* **WHAT TO PRODUCE**
Set down exactly the lines from the first line of the records through the line that contains "MM総研(MMR)は、「携帯", and leave every picture out.

[Dataset items]
↓↓↓
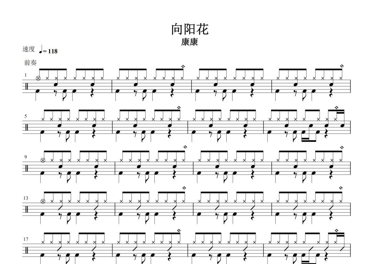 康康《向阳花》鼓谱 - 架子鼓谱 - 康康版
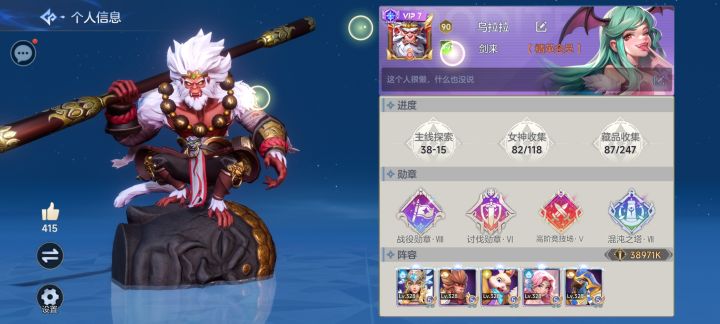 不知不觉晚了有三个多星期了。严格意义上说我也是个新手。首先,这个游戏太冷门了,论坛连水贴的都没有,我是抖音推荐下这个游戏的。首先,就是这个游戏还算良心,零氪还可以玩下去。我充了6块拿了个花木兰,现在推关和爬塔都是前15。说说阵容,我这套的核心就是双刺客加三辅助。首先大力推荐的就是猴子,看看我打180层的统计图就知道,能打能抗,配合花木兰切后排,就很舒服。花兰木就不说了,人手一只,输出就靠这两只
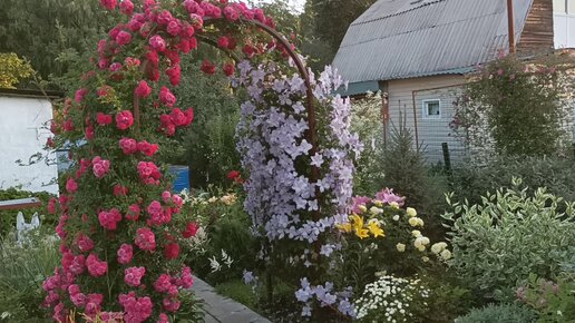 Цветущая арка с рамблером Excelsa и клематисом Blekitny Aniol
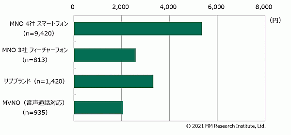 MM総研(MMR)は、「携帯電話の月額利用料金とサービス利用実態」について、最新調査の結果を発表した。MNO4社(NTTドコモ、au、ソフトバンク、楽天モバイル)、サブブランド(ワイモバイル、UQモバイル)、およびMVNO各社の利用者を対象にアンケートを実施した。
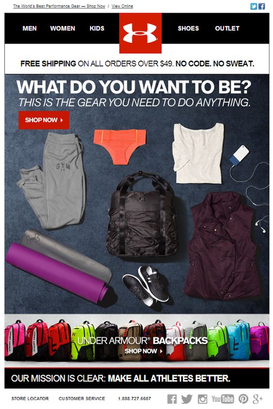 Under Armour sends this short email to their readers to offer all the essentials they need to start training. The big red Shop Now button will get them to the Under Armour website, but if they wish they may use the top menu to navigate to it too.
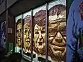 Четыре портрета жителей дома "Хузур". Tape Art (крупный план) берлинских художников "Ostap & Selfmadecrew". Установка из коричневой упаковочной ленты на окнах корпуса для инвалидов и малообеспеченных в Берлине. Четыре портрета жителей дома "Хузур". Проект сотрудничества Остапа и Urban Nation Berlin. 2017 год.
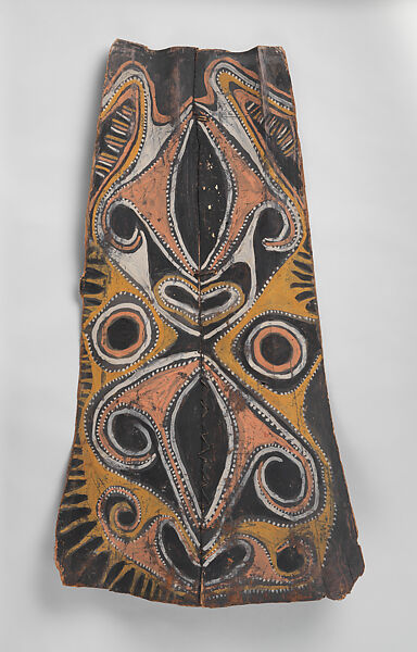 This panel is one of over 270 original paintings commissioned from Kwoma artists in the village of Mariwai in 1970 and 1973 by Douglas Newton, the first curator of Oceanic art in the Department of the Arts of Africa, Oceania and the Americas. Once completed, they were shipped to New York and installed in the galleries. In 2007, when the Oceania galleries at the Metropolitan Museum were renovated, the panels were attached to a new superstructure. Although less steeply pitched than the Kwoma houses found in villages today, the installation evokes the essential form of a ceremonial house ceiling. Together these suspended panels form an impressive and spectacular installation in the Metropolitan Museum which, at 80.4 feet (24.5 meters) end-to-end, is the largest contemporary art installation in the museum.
↑↑↑
* **EXERCISE RESPONSE**
 康康《向阳花》鼓谱 - 架子鼓谱 - 康康版
 不知不觉晚了有三个多星期了。严格意义上说我也是个新手。首先,这个游戏太冷门了,论坛连水贴的都没有,我是抖音推荐下这个游戏的。首先,就是这个游戏还算良心,零氪还可以玩下去。我充了6块拿了个花木兰,现在推关和爬塔都是前15。说说阵容,我这套的核心就是双刺客加三辅助。首先大力推荐的就是猴子,看看我打180层的统计图就知道,能打能抗,配合花木兰切后排,就很舒服。花兰木就不说了,人手一只,输出就靠这两只
 Цветущая арка с рамблером Excelsa и клематисом Blekitny Aniol
 MM総研(MMR)は、「携帯電話の月額利用料金とサービス利用実態」について、最新調査の結果を発表した。MNO4社(NTTドコモ、au、ソフトバンク、楽天モバイル)、サブブランド(ワイモバイル、UQモバイル)、およびMVNO各社の利用者を対象にアンケートを実施した。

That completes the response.